Migrate Win32 C/C++ applications to Linux on POWER, Part 3: Semaphores
http://www.ibm.com/developerworks/systems/library/es-win32linux-sem.html
Introduction
This article, third in a series, is about migrating the Win32 C/C++ application to Linux on POWER with respect to semaphore APIs. Part 1 of this series addressed Win32 API mapping and Part 2 focused on how to map Win32 to Linux with respect to mutex APIs. You are encouraged to read Part 1 and Part 2 of this series before proceeding further.
Semaphores
A semaphore is a resource that contains an integer value. Semaphores allow synchronization of processes by testing and setting the integer value in a single atomic operation. Usually, the main use of a semaphore is to synchronize a thread?s action with other threads. This is also a useful technique for coordinating or synchronizing activities in which multiple processes compete for the same operating system resources.
Linux provides Portable Operating System Interface (POSIX) semaphores, as well as pthread conditional variables to map the Win32 semaphore APIs. Both have their share of pros and cons. It is up to your discretion to use either one based on application logic. The various points to consider in the mapping process of the event semaphore are:
- Type of semaphore: Win32 supports both named and un-named event semaphores. The named semaphores are shared across processes. Linux does not support this option. An Inter-Process Communication (IPC) message queues sample code listed in this article to show you how to work around it.
- Initial state: In Win32, the semaphore might have an initial value. In Linux, the POSIX semaphore supports this functionality, but the pthreads do not. You need to consider this when using pthreads.

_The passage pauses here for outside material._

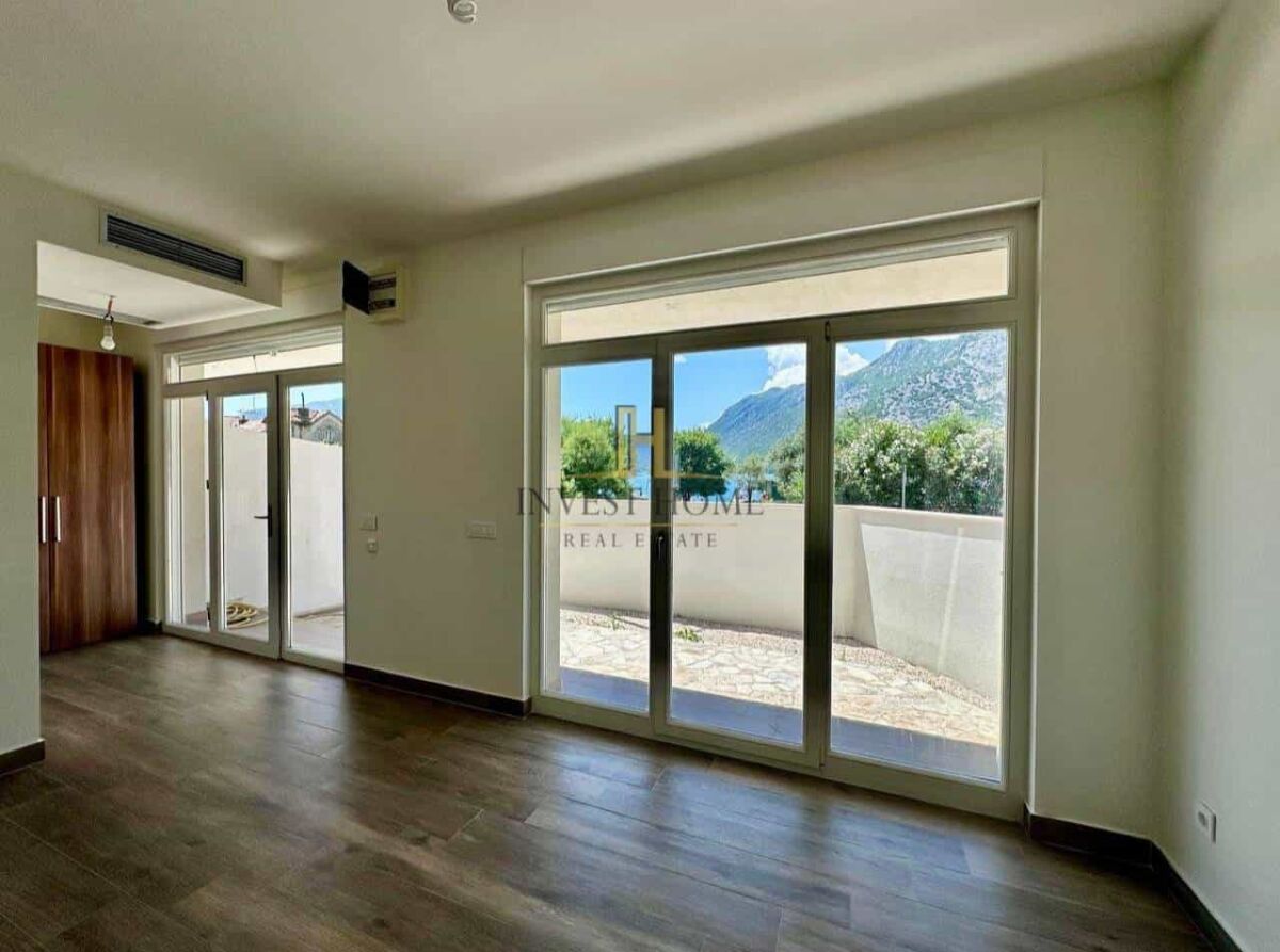 Za prodaju jednosoban stan u Risnu, površine 50m2. Nalazi se na odličnoj lokaciji, 20m udaljen od mora. Prostorije su odličnog rasporeda sa sledećom strukturom: Dnevni boravak sa kuhinjom, hodnik, spavaća soba, kuaptilo i wc. Posjeduje pakring mjesto iza rampe. U cijenu je uključeno i dvorište od 30m2. Iz dnevne sobe se pruža prelijep pogled na more.

- Timeout: Win32 event semaphores support timed wait. In Linux, the POSIX semaphore implementation only supports indefinite wait (blocking). The pthreads implementation supports both blocking and timeouts. The pthread_cond_timedwait() call provides a timeout value during wait, and the pthread_cond_wait() is used for indefinite wait.
- Signaling: In Win32, signaling a semaphore wakes up all the threads that are waiting on the semaphore. In Linux, the POSIX thread implementation wakes up only one thread at a time. The pthreads implementation has a pthread_cond_signal() call that wakes up one thread and a pthread_cond_broadcast() call that signals all the threads waiting on the semaphore.
| Win32 | pthread Linux | POSIX |
|---|---|---|
| CreateSemaphore |
pthread_mutex_init(&(token)->mutex, NULL)) pthread_cond_init(&(token)->condition, NULL)) |
sem_init |
| CloseHandle (semHandle) |
pthread_mutex_destroy(&(token->mutex)) pthread_cond_destroy(&(token->condition)) |
sem_destroy |
| ReleaseSemaphore(semHandle, 1, NULL) | pthread_cond_signal(&(token->condition)) | sem_post |
|
WaitForSingleObject(semHandle, INFINITE) WaitForSingleObject(semHandle, timelimit) |
pthread_cond_wait(&(token->condition), &(token->mutex)) pthread_cond_timedwait(&(token ->condition), &(token->mutex)) |
sem_wait sem_trywait |
Condition variable
A condition variable enables developers to implement a condition in which a thread executes and then blocked. The Microsoft? Win32 interface does not support condition variables natively. To work around this omission, I use the POSIX condition variable emulations synchronization primitives, which are outlined in the series of articles. In Linux, it guarantees the threads blocked on the condition will be unblocked when the condition changes. It also allows you to unlock the mutex and wait on the condition variable atomically, without the possible intervention of another thread. However, a mutex should accompany each condition variable. Table 1 above displays the pthread condition variable for synchronization between threads.
Creating a semaphore
In Win32, the CreateSemaphore function creates a named or unnamed semaphore object. Linux does not support named semaphores.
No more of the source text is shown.